Pak books Hafiz Saeed under Anti-Terror Act
Last Updated: Friday, September 18, 2009, 10:50
  
Lahore: Under mounting international pressure, Pakistani police has registered two cases against JuD chief Hafiz Mohammad Saeed, the mastermind of 26/11 Mumbai terror attacks, and one against his close aide Abu Jandal under the Anti-Terrorism Act.

Three FIRs – two against Saeed and one against Abu Jandal – were registered at police stations in Faisalabad, some 100 km from here, for inciting people to wage "jehad" (holy war) against "infidels", a senior police officer said late last night.

The officer, who did not wish to be identified, said Saeed had attended Iftar-dinners and held a meeting with activists of his banned Jamaat-ud-Dawah organisation on August 27 and 28 during which he asked the people to wage a jehad.

"Saeed had also sought donations from the gatherings for jehad," a source in a law enforcement agency said.

The police action against Saeed comes days ahead of a proposed meeting between the Foreign Ministers and Foreign Secretaries of India and Pakistan on the sidelines of the UN General Assembly session in New York.

Saeed, the founder of banned Lashker-e-Toiba, has been blamed by India for masterminding the Mumbai terror attacks last year which claimed 183 innocent lives.

Addressing the gatherings, Saeed reportedly highlighted the importance of jehad and incited his followers to wage war on infidels.

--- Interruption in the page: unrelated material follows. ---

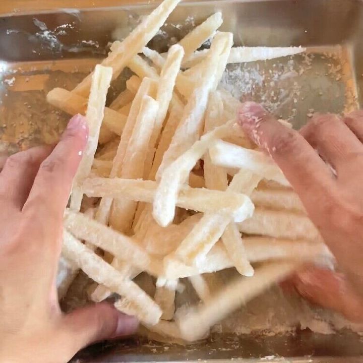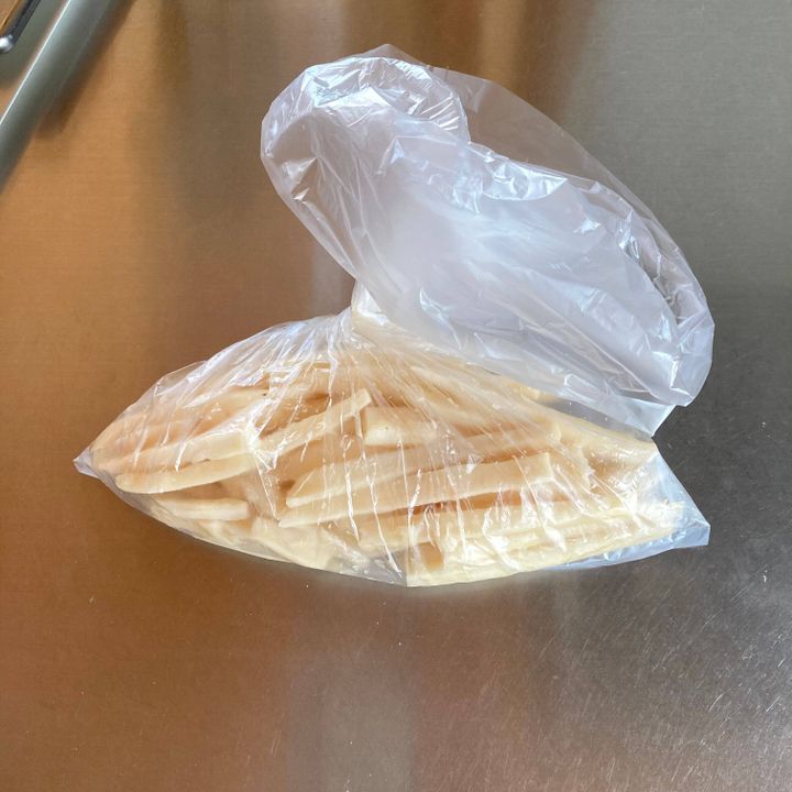 じっくり揚げれば、ずーっとカリカリなので、ポテトのように急いで食べなくてもOK。
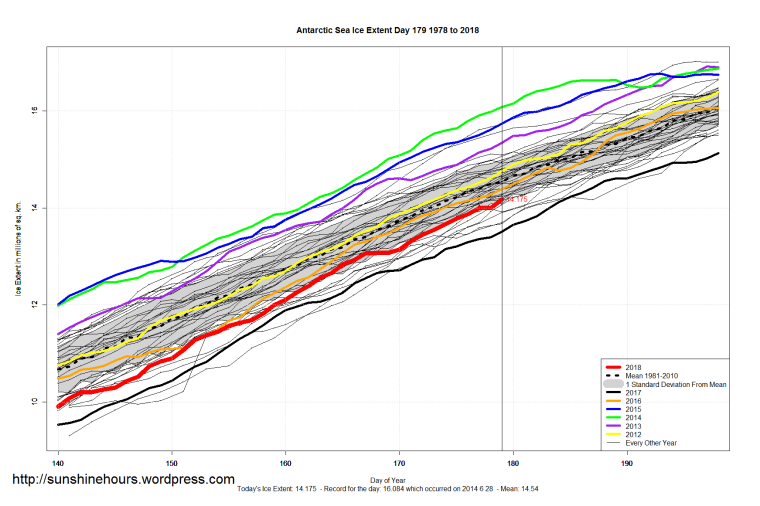 Sea Ice Extent (Global Antarctic and Arctic) – Day 179 – 2018 Published on June 29, 2018June 29, 2018 by sunshinehours1 Arctic higher than 2010 2016 2017 2012 2011 2014 and 2006 South / North Share this: Click to share on X (Opens in new window) X Click to share on Facebook (Opens in new window) Facebook Like Loading... Related

Sources said the first congregation addressed by Saeed in Faisalabad was held at a hotel on Canal Road and was attended by a large number of people. The second was held at the residence of a JuD activist on Jaranwala Road, they said.

"Abu Jandal held a separate meeting and preached jehad," a source said.

Following these meetings, officials of the Special Branch of Punjab Police filed applications for registering cases against Saeed. Police were given a "green signal" from authorities for registering cases against Saeed and Jandal under the Anti-Terrorism Act.

The officer said the FIRs had been registered under provisions of the Anti-Terrorism Act in the police stations at People's Colony, Madina Town and Sadar in Faisalabad.

"We have not conducted any raids as we are waiting for a go-ahead from the high-ups," the officer said. He added that Saeed's detention or arrest could not be ruled out.

Saeed was placed under house arrest in December last year after the UN Security Council declared the JuD a terrorist organisation. He was freed on the orders of the Lahore High Court in June this year.

India has been insisting that Pakistan must take action against Saeed for his role in the Mumbai attacks but Islamabad has said the evidence provided by New Delhi against him is not adequate for arresting or prosecuting the JuD chief.